Currently, Markov chains employ a selection function to choose what word follows each prior word. In its simplest form, this function often takes the form of frequency-based selection. That is, if "are" most-commonly follows the word "The", it has the highest chance of being selected.

Pseudocode:

In [72]:
# chain_words = [some_initial_word]
# while not complete_sentence(chain_words)
#   current_word = chain_words[-1]
#     
#   potential_followup_words = followup_words_for(current_word)
# 
#   ranked_followup_words = potential_followup_words.sort(function (word) {
#       # Rank words by the frequency they occur after `word`, so we can select the most-frequent one easily
#       frequency = frequency_function(chain_words[-1], word)
#   })
#     
#   selected_word = ranked_followup_words.first
#   chain_words << selected_word
#   current_word = selected_word
# end

# Heuristic-driven Markov chain generation

Instead of always defaulting to a frequency-driven word selection, we can define a generic heuristic to guide which word should be selected at each chain node. Given a function `heuristic_function(option_one, option_two)` that returns which of two options is closer to the desired heuristic ideal, the Markov generation code can be modified to rank potential words based on their closeness to the heuristic ideal.

Pseudocode:

In [71]:
# chain_words = [some_initial_word]
# while not complete_sentence(chain_words)
#   current_word = chain_words[-1]
#     
#   potential_followup_words = followup_words_for(current_word)
# 
#   ranked_followup_words = potential_followup_words.sort(function (word) {
#       heuristic_fitness = heuristic_function(chain_words + [word])
#   })
#     
#   selected_word = ranked_followup_words.first
#   chain_words << selected_word
#   current_word = selected_word
# end

At this point, both approaches (frequency-based selection by n-gram, as well as heuristic-driven selection of the entire sentence) can be generalized into the same approach, if you consider frequency selection as simply another heuristic: the output is considered "better" if each word often follows the previous word in other sentences. 

The parameters of `heuristic_function(sentence_words_array)` differ in arity, and can be further generalized to `*args`. To that end, we result in the following Markov chain generation method (in Python 3.7):

In [117]:
import functools

def markov_chain(initial_word=None, heuristic_function=lambda x, y: 0):
    chain_words = [initial_word]
   
    while chain_words[-1] != None:
        current_word = chain_words[-1]
        
        # Generate a pool of potential consequents to choose from
        potential_followup_words = followup_words_for(current_word)
        
        # Rank that pool of consequents by a heuristic comparing options and choose the one with the highest score
        highest_score = -1
        for word in potential_followup_words:
            heuristic_score = heuristic_function(chain_words, word)
            if (heuristic_function(chain_words, word) > highest_score):
                selected_word = word
                highest_score = heuristic_score
        
        # Choose a word and advance forward through the chain
        chain_words.append(selected_word)
    
    return " ".join(chain_words[0:-1]) + "."

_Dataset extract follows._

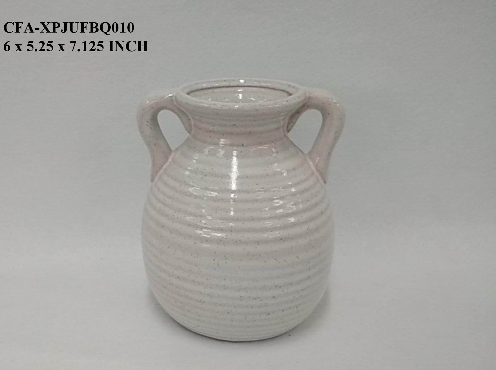 6.0x5.25x7.125 This Ceramic Floral Vase with Handle combines expert craftsmanship with functional design. Featuring a smooth ceramic finish and delicate floral accents, it offers an elegant vessel for displaying arrangements. The integrated handle adds practicality, making it easy to move while enhancing its refined aesthetic, perfect for sophisticated interior settings.

We also need a few ancillary methods to help here: `followup_words_for(current_word)` and, of course, `heuristic_function`. We'll tackle the latter in just a moment, but for the sake of demonstration we'll include a mocked API response for the former.

In [118]:
def followup_words_for(current_word):
    sanitized_word = current_word.lower()
    
    if (sanitized_word == "there"):
        return ["is", "isn't"]
    elif (sanitized_word == "is" or sanitized_word == "isn't"):
        return ["no", "a"]
    elif (sanitized_word == "no" or sanitized_word == "a"):
        return ["cow", "dog", "elephant"]
    elif (sanitized_word == "cow" or sanitized_word == "dog" or sanitized_word == "elephant"):
        return ["level"]
    elif (sanitized_word == "level"):
        return [None]
    else:
        return [None]

This mocked response will return the string "There is no cow level" when initiating `markov_chain()` with `initial_word=There`.

In [119]:
print(markov_chain(initial_word="There"))

There is no cow level.


With this format, we can replicate the traditional frequency-based word selection with a simple heuristic selecting for words that occur most-often. To accomplish this, we'll also include a separate frequency-lookup service for an n-gram pair (also mocked up here in the name of simplicity).

In [120]:
def frequency_of(antecedent, consequent):
    if (antecedent == "there"):
        if (consequent == "is"):
            return 100
        elif (consequent == "isn't"):
            return 1
    
    if (antecedent == "no"):
        if (consequent == "cow"):
            return 1
        elif (consequent == "dog"):
            return 100
        elif (consequent == "elephant"):
            return 1
    
    # catchall
    return 1

In [121]:
def frequency_heuristic(existing_chain, new_word):
    previous_word = existing_chain[-1]
    
    # Return the frequency of new_word appearing after previous_word
    return frequency_of(previous_word, new_word)

In [122]:
print(markov_chain(initial_word="There", heuristic_function=frequency_heuristic))

There is no dog level.


Similarly, other heuristics can be defined. For example, selecting the _longest_ potential word:

In [123]:
def longest_word_heuristic(existing_chain, new_word):
    if new_word == None:
        return 0
    else:
        return len(new_word)

In [124]:
print(markov_chain(initial_word="There", heuristic_function=longest_word_heuristic))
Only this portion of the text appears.